Explainable Artificial Intelligence for Bioactivity Prediction: Unveiling the Challenges with Curated CDK2/4/6 Breast Cancer Dataset

Adam Sulek, Jakub Klimczak, Jakub Jonczyk, Tomasz Kosciolek, Tomasz Danel, Barbara Pucelik

Published: 01 Jan 2025, Last Modified: 24 Jul 2025ICCS (1) 2025EveryoneRevisionsBibTeXCC BY-SA 4.0

Abstract: In recent years, the interplay between machine learning (ML) and cheminformatics has driven advancements in bioactivity prediction. However, the challenge of model explainability remains a significant barrier to adopting these approaches in drug discovery. This study addresses critical shortcomings in existing modeling techniques by examining the assumptions of feature independence and contribution additivity that are the foundation of traditional explainability methods. We investigate fingerprint-based and molecular graph models within quantitative structure-activity relationship modeling. While these models demonstrate impressive predictive performance, they offer limited actionable insights for medicinal chemists.
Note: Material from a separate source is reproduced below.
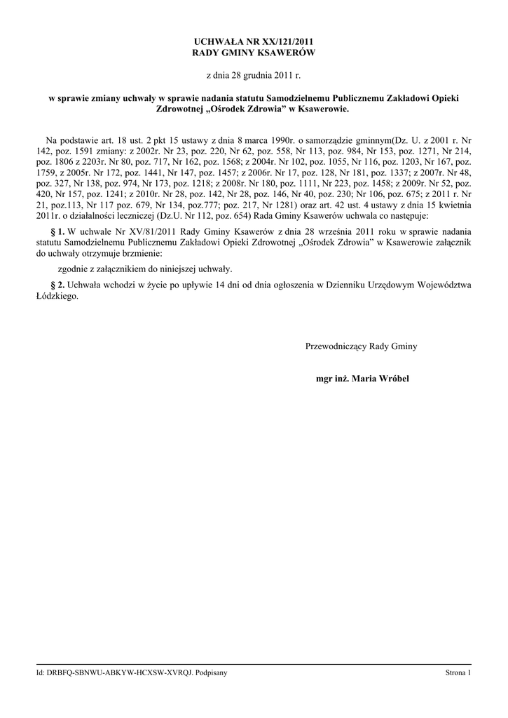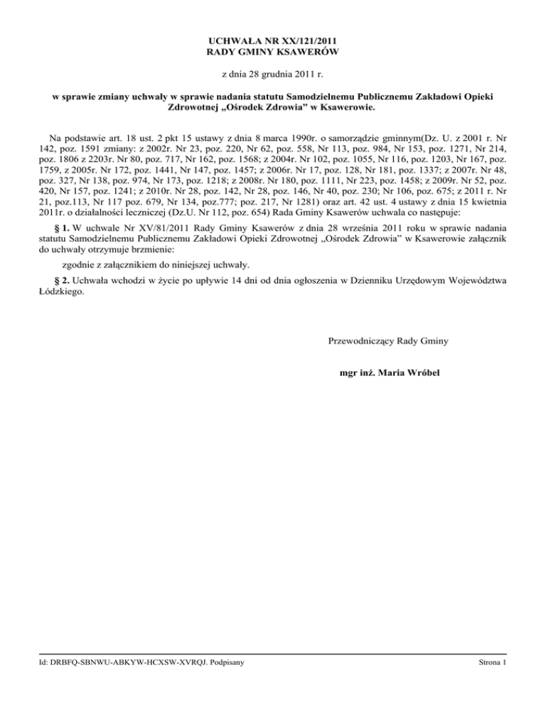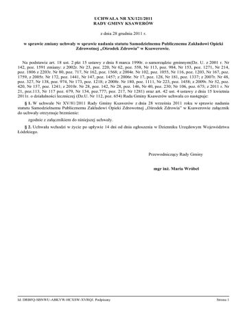 UCHWAŁA NR XX/121/2011 RADY GMINY KSAWERÓW z dnia 28 grudnia 2011 r. w sprawie zmiany uchwały w sprawie nadania statutu Samodzielnemu Publicznemu Zakładowi Opieki Zdrowotnej „Ośrodek Zdrowia” w Ksawerowie. Na podstawie art. 18 ust. 2 pkt 15 ustawy z dnia 8 marca 1990r. o samorządzie gminnym(Dz. U. z 2001 r. Nr 142, poz. 1591 zmiany: z 2002r. Nr 23, poz. 220, Nr 62, poz. 558, Nr 113, poz. 984, Nr 153, poz. 1271, Nr 214, poz. 1806 z 2203r. Nr 80, poz. 717, Nr 162, poz. 1568; z 2004r. Nr 102, poz. 1055, Nr 116, poz. 1203, Nr 167, poz. 1759, z 2005r. Nr 172, poz. 1441, Nr 147, poz. 1457; z 2006r. Nr 17, poz. 128, Nr 181, poz. 1337; z 2007r. Nr 48, poz. 327, Nr 138, poz. 974, Nr 173, poz. 1218; z 2008r. Nr 180, poz. 1111, Nr 223, poz. 1458; z 2009r. Nr 52, poz. 420, Nr 157, poz. 1241; z 2010r. Nr 28, poz. 142, Nr 28, poz. 146, Nr 40, poz. 230; Nr 106, poz. 675; z 2011 r. Nr 21, poz.113, Nr 117 poz. 679, Nr 134, poz.777; poz. 217, Nr 1281) oraz art. 42 ust. 4 ustawy z dnia 15 kwietnia 2011r. o działalności leczniczej (Dz.U. Nr 112, poz. 654) Rada Gminy Ksawerów uchwala co następuje: § 1. W uchwale Nr XV/81/2011 Rady Gminy Ksawerów z dnia 28 września 2011 roku w sprawie nadania statutu Samodzielnemu Publicznemu Zakładowi Opieki Zdrowotnej „Ośrodek Zdrowia” w Ksawerowie załącznik do uchwały otrzymuje brzmienie: zgodnie z załącznikiem do niniejszej uchwały. § 2. Uchwała wchodzi w życie po upływie 14 dni od dnia ogłoszenia w Dzienniku Urzędowym Województwa Łódzkiego. Przewodniczący Rady Gminy mgr inż. Maria Wróbel Id: DRBFQ-SBNWU-ABKYW-HCXSW-XVRQJ. Podpisany Strona 1 Załącznik do Uchwały Nr XX/121/2011 Rady Gminy Ksawerów z dnia 28 grudnia 2011 r. STATUT Samodzielnego Publicznego Zakładu Opieki Zdrowotnej „Ośrodek Zdrowia” w Ksawerowie I. POSTANOWIENIA OGÓLNE § 1. Samodzielny Publiczny Zakład Opieki Zdrowotnej „Ośrodek Zdrowia” w Ksawerowie zwany dalej Ośrodkiem Zdrowia działa na podstawie: 1) ustawy z dnia 15 kwietnia 2011 r. o działalności leczniczej (Dz. U. z 2011 r. Nr 112 poz. 654); 2) uchwały Nr XXIV/156/2000 Rady Gminy Ksawerów z dnia 9 listopada 2000 r. w sprawie utworzenia Samodzielnego Publicznego Zakładu Opieki Zdrowotnej „Ośrodek Zdrowia” w Ksawerowie; 3) uchwały Nr XXX/212/2001 Rady Gminy Ksawerów z dnia 24 maja 2001 r. w sprawie zmiany uchwały Nr XXIV/156/2001 Rady Gminy Ksawerów z dnia 9 listopada 2000 r. w sprawie utworzenia Samodzielnego Publicznego Zakładu Opieki Zdrowotnej w Ksawerowie; 4) uchwały Nr XV/81/2011 Rady Gminy Ksawerów z dnia 28 września 2011 r. w sprawie nadania Statutu Samodzielnego Publicznego Zakładu Opieki Zdrowotnej „Ośrodek Zdrowia” w Ksawerowie; 5) uchwały Nr XX/121/2011 Rady Gminy Ksawerów z dnia 28 grudnia 2011 r. w sprawie zmiany uchwały w sprawie nadania statutu Samodzielnemu Publicznemu Zakładowi Opieki Zdrowotnej „Ośrodek Zdrowia” w Ksawerowie. § 2. 1. Podmiotem tworzącym Ośrodek Zdrowia jest Gmina Ksawerów. 2. Ośrodek Zdrowia uzyskuje osobowość prawną z chwilą wpisu do rejestru publicznych zakładów opieki zdrowotnej prowadzonego przez Krajowy Rejestr Sądowy. 3. Podmiot tworzący sprawuje nadzór nad działalnością Ośrodka Zdrowia. 4. Ośrodek Zdrowia jest podmiotem leczniczym niebędącym przedsiębiorcą. § 3. Siedziba Ośrodka Zdrowia mieści się w Ksawerowie przy ul. Jana Pawła II 27. § 4. Ośrodek Zdrowia prowadzi działalność leczniczą, może również prowadzić wyodrębnioną organizacyjnie działalność, inną niż działalność lecznicza, w zakresie ustalonym postanowieniami Statutu, na rzecz pacjentów zamieszkałych na terenie Rzeczpospolitej Polskiej, przy czym podstawowym obszarem udzielania świadczeń zdrowotnych jest Gmina Ksawerów. II. CELE, ZADANIA I ZAKRES ŚWIADCZEŃ ZDROWOTNYCH § 5. 1. Głównym zadaniem Ośrodka Zdrowia jest podejmowanie działań służących zachowaniu, ratowaniu, przywracaniu lub poprawie zdrowia ludności oraz promocja zdrowia. 2. Ośrodek Zdrowia udziela świadczeń zdrowotnych w rodzaju ambulatoryjnych świadczeń zdrowotnych. § 6. Do podstawowych zadań Ośrodka Zdrowia w zakresie udzielania ambulatoryjnych świadczeń zdrowotnych, należy: 1) organizowanie i sprawowanie podstawowej i specjalistycznej opieki zdrowotnej oraz rehabilitacji leczniczej; 2) organizowanie badań diagnostycznych wykonywanych w celu rozpoznania stanu zdrowia i ustalenia dalszego postępowania leczniczego. § 7. Zakres świadczeń zdrowotnych udzielanych przez Ośrodek Zdrowia obejmuje w szczególności: 1) badania i porady lekarskie; 2) leczenie; 3) prowadzenie dokumentacji medycznej; Id: DRBFQ-SBNWU-ABKYW-HCXSW-XVRQJ. Podpisany Strona 1 4) orzekanie o stanie zdrowia oraz czasowej niezdolności do pracy; 5) opiekę nad kobietą ciężarną i płodem, porodem, połogiem oraz nad noworodkiem; 6) opiekę nad zdrowym dzieckiem; 7) szczepienia ochronne i inne działania zapobiegawcze; 8) opiekę środowiskową i pielęgnację w domu chorego; 9) rehabilitację leczniczą; 10) działania diagnostyczne; 11) udzielanie stomatologicznych świadczeń profilaktyczno-leczniczych; 12) prowadzenie działalności profilaktycznej i oświatowo-wychowawczej; 13) specjalistyczną opiekę zdrowotną; 14) prowadzenie medycznej działalności usługowej, w tym dla innych podmiotów wykonujących działalność leczniczą. § 8. 1. Ośrodek Zdrowia udziela świadczeń zdrowotnych finansowanych ze środków publicznych osobom ubezpieczonym oraz innym osobom, uprawnionym do tych świadczeń na podstawie odrębnych przepisów. 2. Ośrodek Zdrowia udziela świadczeń zdrowotnych nieodpłatnie, za częściową odpłatnością lub całkowitą odpłatnością, na zasadach określonych w obowiązujących przepisach prawa lub w umowie cywilnoprawnej. 3. Wysokość opłat za świadczenia zdrowotne ustala Dyrektor Ośrodka Zdrowia. § 9. 1. Świadczenia zdrowotne w Ośrodku Zdrowia udzielane są przez osoby wykonujące zawód medyczny, spełniają

To assist researchers in developing useful and interpretable activity prediction models, we propose a new benchmark based on the pharmacophore concept, commonly used in preliminary compound filtering. Furthermore, we introduce PharmacoScore, a novel evaluation metric designed to assess whether ML-based explanations prioritize essential pharmacophore components over non-critical features. Our findings highlight a crucial misalignment between ML model explanations and established pharmacophore principles, revealing a pressing need for innovative interpretability strategies in cheminformatics. This work not only offers a valuable resource but also sets the stage for future research, enhancing the transparency of ML in drug discovery.